Task goal:
Every line below between the line holding "The Afghan family" and the line holding "BEWARE... plastic also", inclusive, should be repeated exactly, and all other lines omitted.

Data section:
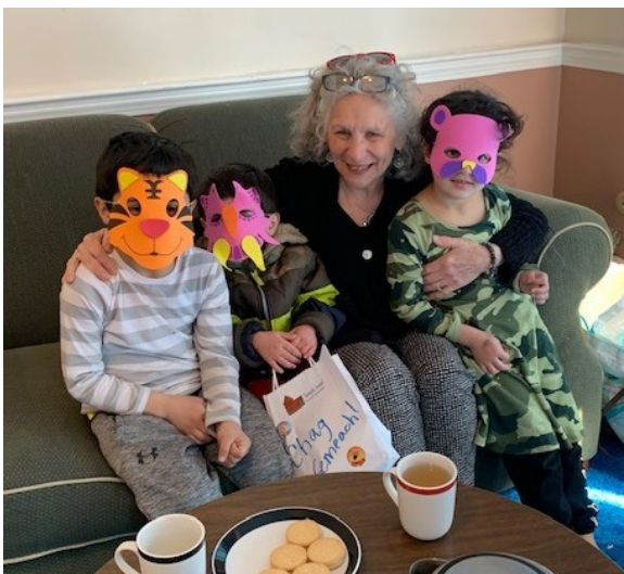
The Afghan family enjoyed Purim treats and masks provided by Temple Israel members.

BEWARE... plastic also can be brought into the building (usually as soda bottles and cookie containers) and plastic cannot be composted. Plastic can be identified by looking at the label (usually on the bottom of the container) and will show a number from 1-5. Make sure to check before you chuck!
...
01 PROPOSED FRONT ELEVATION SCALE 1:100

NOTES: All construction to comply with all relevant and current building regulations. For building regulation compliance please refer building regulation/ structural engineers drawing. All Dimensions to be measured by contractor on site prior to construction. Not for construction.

Exercise response:
The Afghan family enjoyed Purim treats and masks provided by Temple Israel members.

BEWARE... plastic also can be brought into the building (usually as soda bottles and cookie containers) and plastic cannot be composted. Plastic can be identified by looking at the label (usually on the bottom of the container) and will show a number from 1-5. Make sure to check before you chuck!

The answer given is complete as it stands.